Part Nine: The Occult and the Third Reich (February to March 1994)
MB39: The Occult and the Third Reich, Part 1 (The Enigma of the Swastika) (aired February 28, 1994). The first of three episodes presenting documentary material on occult currents around the rise of National Socialism, beginning with the history and appropriation of the swastika. This site treats these episodes strictly as history-of-the-occult documentation, with academic counter-sources cited in the guides. Full study guide coming soon.
MB40: The Occult and the Third Reich, Part 2 (The SS, Blood and Soil) (aired March 1, 1994). The documentary material continues with the SS, its rituals and racial mysticism, and the blood and soil ideology. Cooper’s stated purpose was to show what organized occultism looks like when it captures a state. Full study guide coming soon.
MB41: The Occult and the Third Reich, Part 3 (Himmler the Mystic) (aired March 2, 1994). The conclusion, centered on Heinrich Himmler’s mysticism and the cultic apparatus he built around the SS, including Wewelsburg castle. The three episodes are collected with scholarly context in our Occult History of the Third Reich hub. Full study guide coming soon.
Part Ten: The Final Broadcast (1996)
MB42: Darkness (aired September 20, 1996). After a gap of two and a half years, Cooper closed the series with a final reflective broadcast. Shorter and more somber than the rest, it returns to the series’ opening themes of light, darkness, and knowledge, and ends the project where it began: with Cooper telling listeners to do their own research. Full study guide coming soon.
Frequently Asked Questions
How many episodes are in Bill Cooper’s Mystery Babylon series?

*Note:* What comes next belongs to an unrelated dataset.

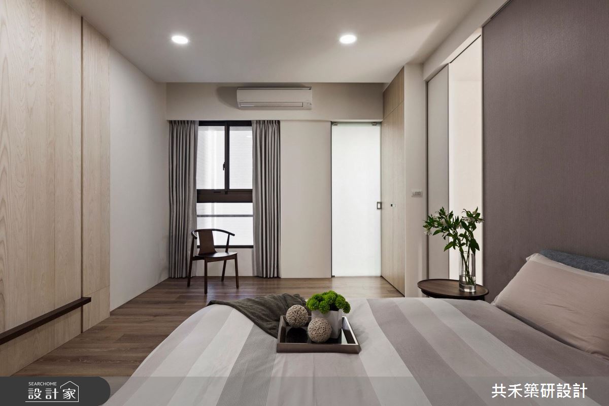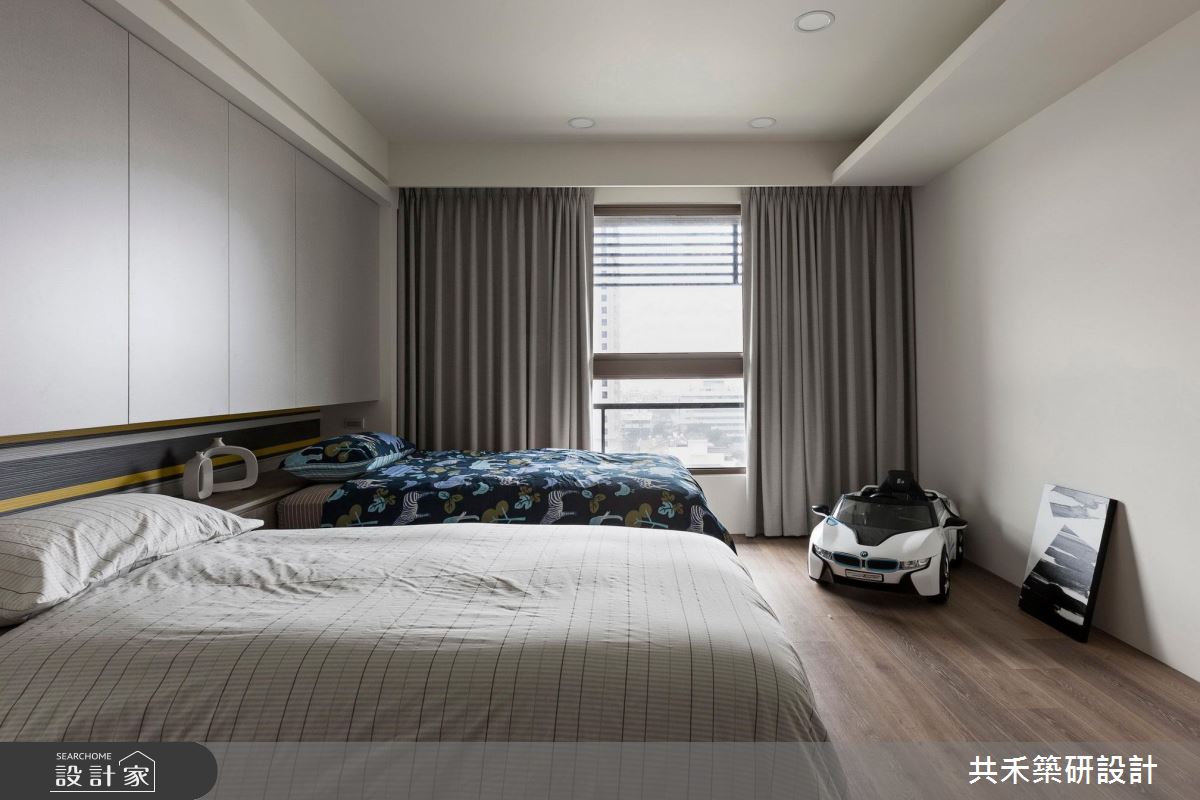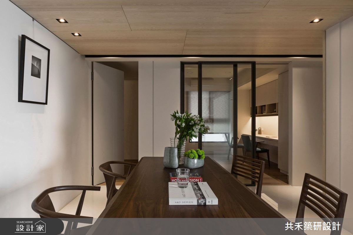 玄關處,規劃明鏡作為全身鏡,搭配通透的灰玻相互輝映,構成唯美的光影表情,創造入門後的輕盈視感;公領域內,則呈現清爽簡約的基調,並考量到大樑的交錯存在,於餐廳天花鋪貼溫潤木皮,除了降低視覺壓迫感之外,也形成場域的氛圍轉換;書房則移除既有的實體隔間,改為配置通透的玻璃門片,形成與餐廳之間的光線、視線交流;同時因順應風水方位,將原先的次臥變為主臥,運用壁紙、木皮交織沉靜色彩,烘托一室的紓壓質地;小孩房則考量到床頭位於橫樑下方,於是銜接收納機能,不僅弱化風水疑慮,更安置了實用輕巧的收納機能!
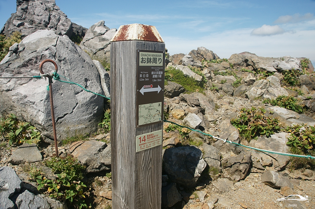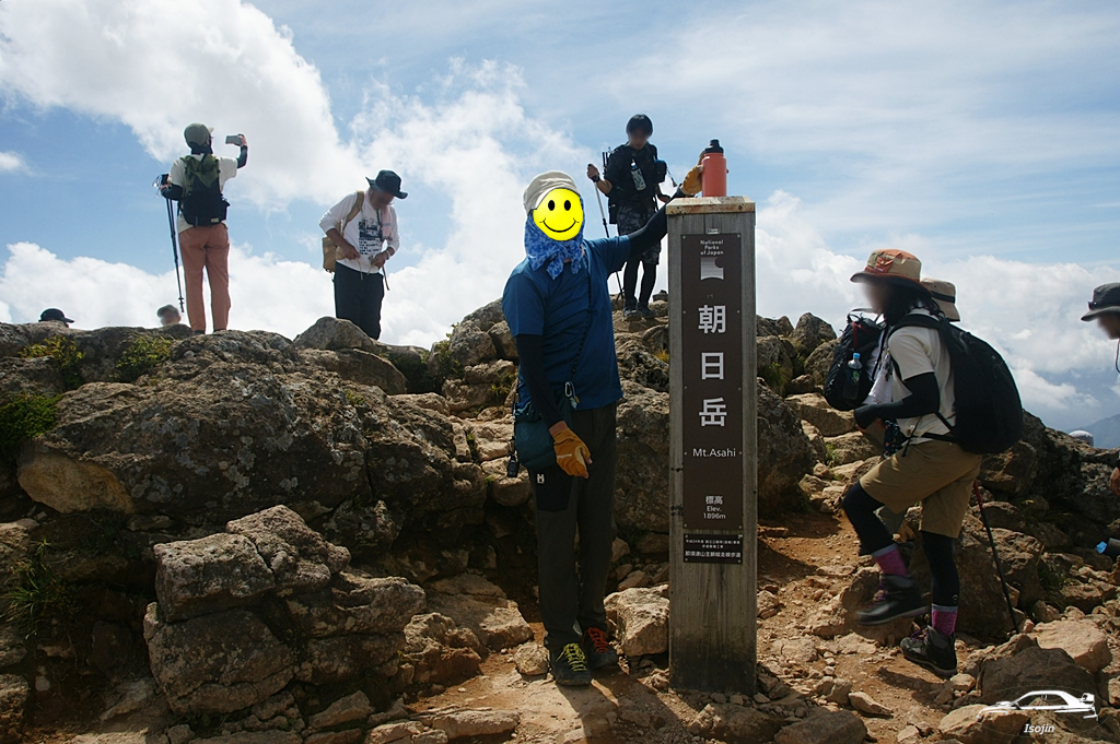 峰の茶屋跡避難小屋を過ぎて、朝日岳を見あげると、

There are 42 episodes as the series circulates, numbered MB00 through MB42 with no episode 33. They aired on shortwave station WWCR between February 11, 1993 and September 20, 1996, with the bulk broadcast in 1993 and early 1994.
Where can I listen to the Mystery Babylon series for free?
The full series is streamable at no cost on the Internet Archive in the William Cooper Mystery Babylon collection. We embed those same players on our episode pages. We do not host audio files and do not offer downloads.
Are there official transcripts of Mystery Babylon?
This site does not publish transcripts, in whole or in part. For official materials, including transcripts and recordings offered by Cooper’s estate, visit hourofthetime.com, the official Hour of the Time site. Our episode guides are original summaries and analysis written from study of the broadcasts.
What order should I listen to Mystery Babylon in?
Broadcast order. The series was structured as a course, and Cooper built later arguments on terms defined in the early episodes. Start with MB00: The Dawn of Man. If you want a single representative episode first, most listeners start with MB13: The Skull and Bones.
Is the Mystery Babylon series historically accurate?
The series mixes documented history, contested interpretation, and claims that mainstream historians reject. Cooper read from real books, many of which you can verify in our sources section, but his connecting thesis of one continuous secret religion is not accepted scholarship. Our guides flag where his account and the historical record diverge.
What does the name Mystery Babylon mean?
It is a phrase from Revelation 17:5 in the King James Bible. Cooper borrowed it as a label for the ancient mystery religion he believed survives in secret societies. The biblical figure and its traditional interpretations are covered on our page Mystery Babylon in Revelation.